Multi-access edge computing (MEC) is a key technology in the fifth generation (5G) of mobile networks. MEC optimizes communication and computation resources by hosting the application process close to the user equipment (UE) in network edges. The key characteristics of MEC are its ultra-low latency response and real-time applications in emerging 5G networks. However, one of the main challenges in MEC-enabled 5G networks is that MEC servers are distributed within the ultra-dense network. Hence, it is an issue to manage user mobility within ultra-dense MEC coverage, which causes frequent handover. In this study, our purposed algorithms include the handover cost while having optimum offloading decisions. The contribution of this research is to choose optimum parameters in optimization function while considering handover, delay, and energy costs. In this study, it assumed that the upcoming future tasks are unknown and online task offloading (TO) decisions are considered. Generally, two scenarios are considered. In the first one, called the online UE-BS algorithm, the users have both user-side and base station-side (BS) information. Because the BS information is available, it is possible to calculate the optimum BS for offloading and there would be no handover.

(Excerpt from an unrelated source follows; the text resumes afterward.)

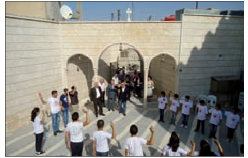
عدد من الأوسمة وشهادات التقدير

However, in the second one, called the BS-learning algorithm, the users only have user-side information. This means the users need to learn time and energy costs throughout the observation and select optimum BS based on it. In the results section, we compare our proposed algorithm with recently published literature. Additionally, to evaluate the performance it is compared with the optimum offline solution and two baseline scenarios. The simulation results indicate that the proposed methods outperform the overall system performance.